Changing the dummy indices in the second term leads to

[C_{(2)},X_{n} ] = ( g_{ij}f_{jnk} + g_{jk}f_{jni} ) X_{i}X_{k}

It follows from Eq(R) that the LHS is identically zero, i.e.,

[C_{(2)}, X_{n}] = 0, \ \ \forall {n}

Thus, according to Schurs lemma, C_{(2)} is a multiple of the identity in any irreducible representation.

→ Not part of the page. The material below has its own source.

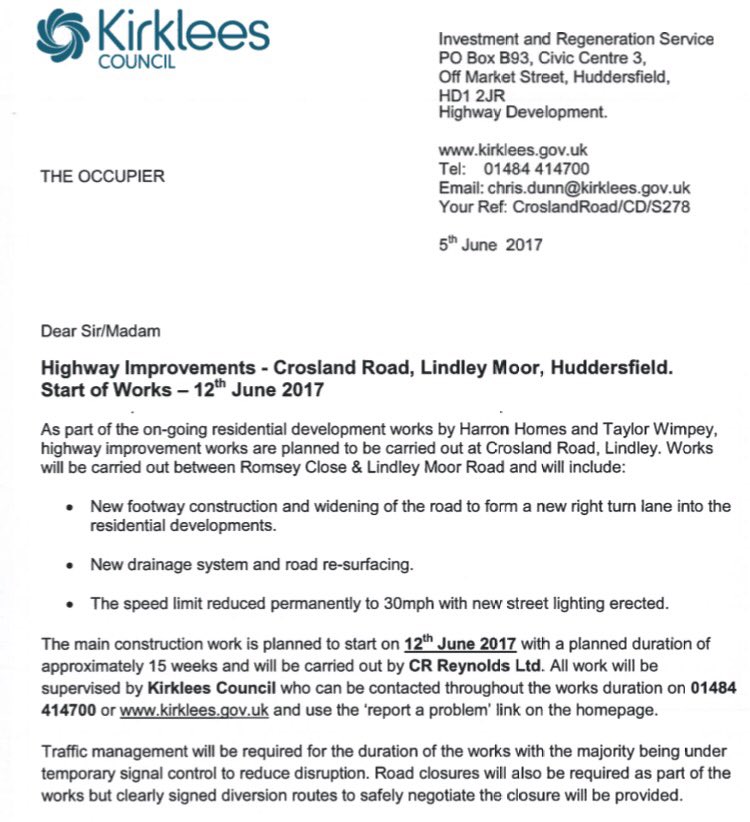 Highway Improvements (New Footway, Street lighting and Speed limit reduction) to start on 12th June - Crosland Road, Lindley.

For compact, semi-simple or simple Lie algebras like su(3), the Cartan metric can be diagonolized, i.e.,

g_{ij} = c \delta_{ij}

This means that the structure constant is totally antisymmetric. In this case, it is trivially obvious that

[C_{(2)}, X_{n}] = c ( f_{ink} + f_{kni}) X_{i}X_{k} = 0

***************

***:
In the non-abelian gauge theories, one takes the Lagrangian for gauge field as

\mathcal{L} = - \frac{1}{2} g_{ij}F_{i\mu \nu}F_{j}^{\mu\nu}

for some real symmetric and constant matrix g_{ij}. In order for this Lagrangian to be locally gauge invariant, the matrix g_{ij} must satisfy the identity of Eq(R).
We can also show that this identity restricts the possible gauge group to be compact (semi-)simple Lie group. This is why I described that identity as "very" important.

regards

sam

 

[torehan]

Thanks for the detailed information. As a newbie of Group Theory, I need all info that i can get.